Derivatures operate in a similar fashion in regards to their valuations being based on opaque underlying assets. We are VERY uneasy with this development as to us it TRUMPS the official issuance of the US government CBDC and is detrimental to the overall economy in it’s application.
With the incredible pressure on banks between the explosive rise in interest rates affecting the value of their bond portfolios and commercial real estate exposures that seem to be plummeting by the day, the current play by the SEC this weekend in abruptly reversing their legal position on possibly relenting in issuing securities asset approval for public use is telling.

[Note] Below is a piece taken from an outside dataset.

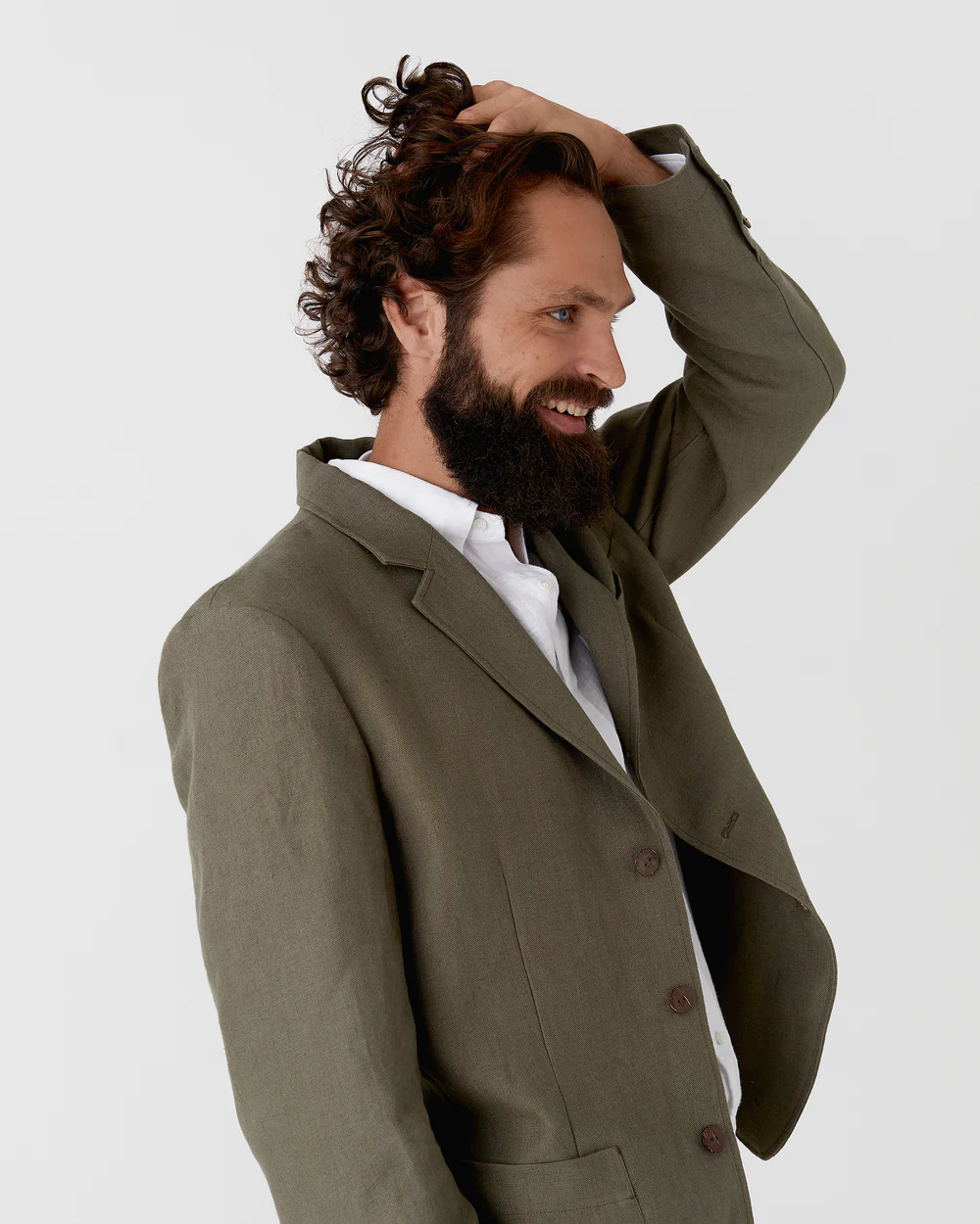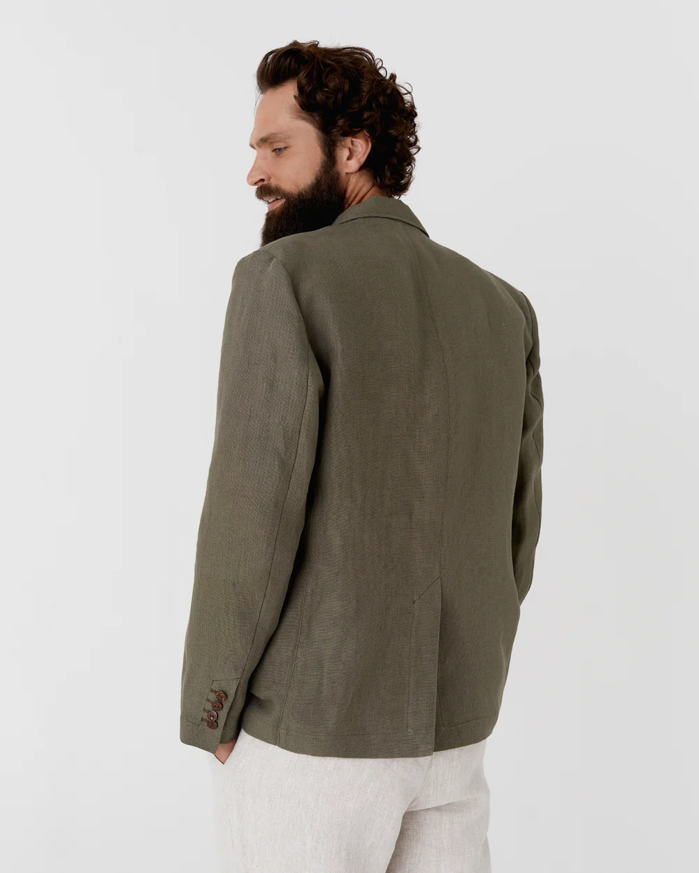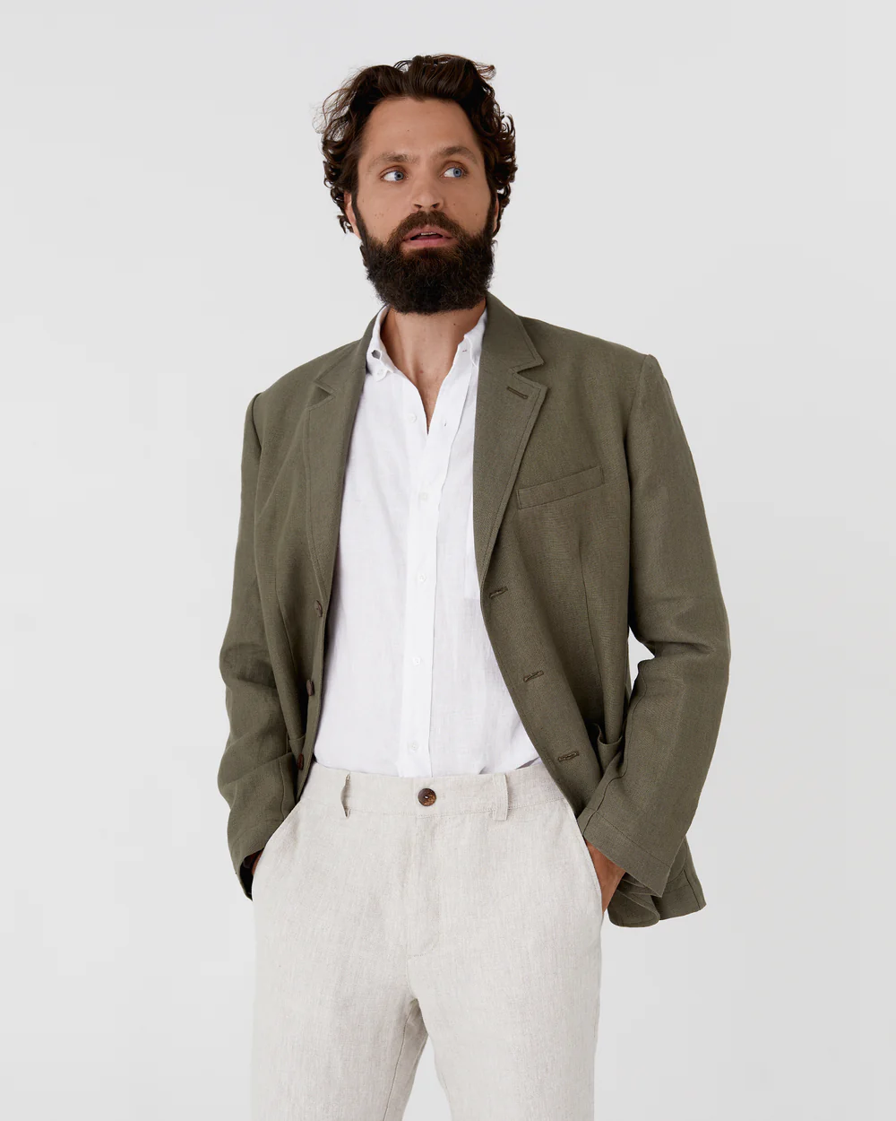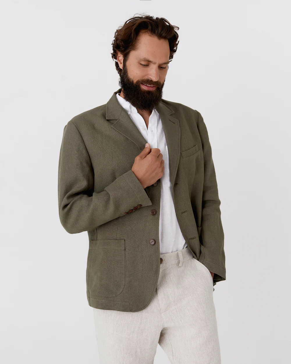 The olive green linen blazer is a masterful creation that seamlessly blends classic tailoring with modern comfort. Its silhouette is slim – fitting, designed to flatter the figure while allowing for natural movement. The linen fabric, with its inherent breathability and soft texture, not only keeps you cool in mild temperatures but also adds a touch of relaxed sophistication. The notched lapel frames the face elegantly, while the three – button closure can be worn fastened for a formal look or undone for a more laid – back vibe.Small details enhance its allure: the precise stitching along the seams ensures durability and a neat finish, and the subtle sheen of the linen fabric catches the light beautifully. The rich olive green color is incredibly versatile, evoking a sense of connection to nature and refinement, and it pairs effortlessly with a wide range of shirts and trousers. For a formal occasion, pair it with a crisp white dress shirt, a silk tie, and tailored dark trousers. For a casual event, opt for a light blue linen shirt, leave the blazer unbuttoned, and finish with chinos and suede loafers.When it comes to styling, this blazer opens up numerous possibilities. Layer a lightweight knit sweater underneath for cooler days, or wear it separately with jeans and a t – shirt for a smart – casual look. It can also be paired with shorts and sandals for a breezy summer ensemble. No matter how you choose to wear it, this blazer’s comfortable fabric, versatile design, and charming details make it an essential piece in any wardrobe, capable of elevating even the simplest outfits to new levels of style.

To us it strongly suggests the FED has a real fear that the line up of monster financial firms queuing for asset custodian licenses for an approved public crypto that has eluded everyone to this point may potentially cripple a teetering system in outflows of dollars to those decentralized out of their control systems. It has been reported that bank deposits in the major banks have diminished over the last 2 years by the hundreds of billions of dollars so time will tell what that play ultimately will be.
And a friend reported to us that just this morning 8/21 his premium digital Chase business account was shut down till he signed off on a 10 page and 125 page disclaimer. Given no notice and on a MAJOR business day as well it was a MAJOR imposition on his time as the efficiency of the digital app was key to him using the account.
But why would Chase FORCE such a draconian measure on a good account with no notice? And what could possibly be in a 125 page disclaimer not already covered in existing agreements prior?
And who has the time to read a 125 page “release” without a lawyer? Nothing but ominous here.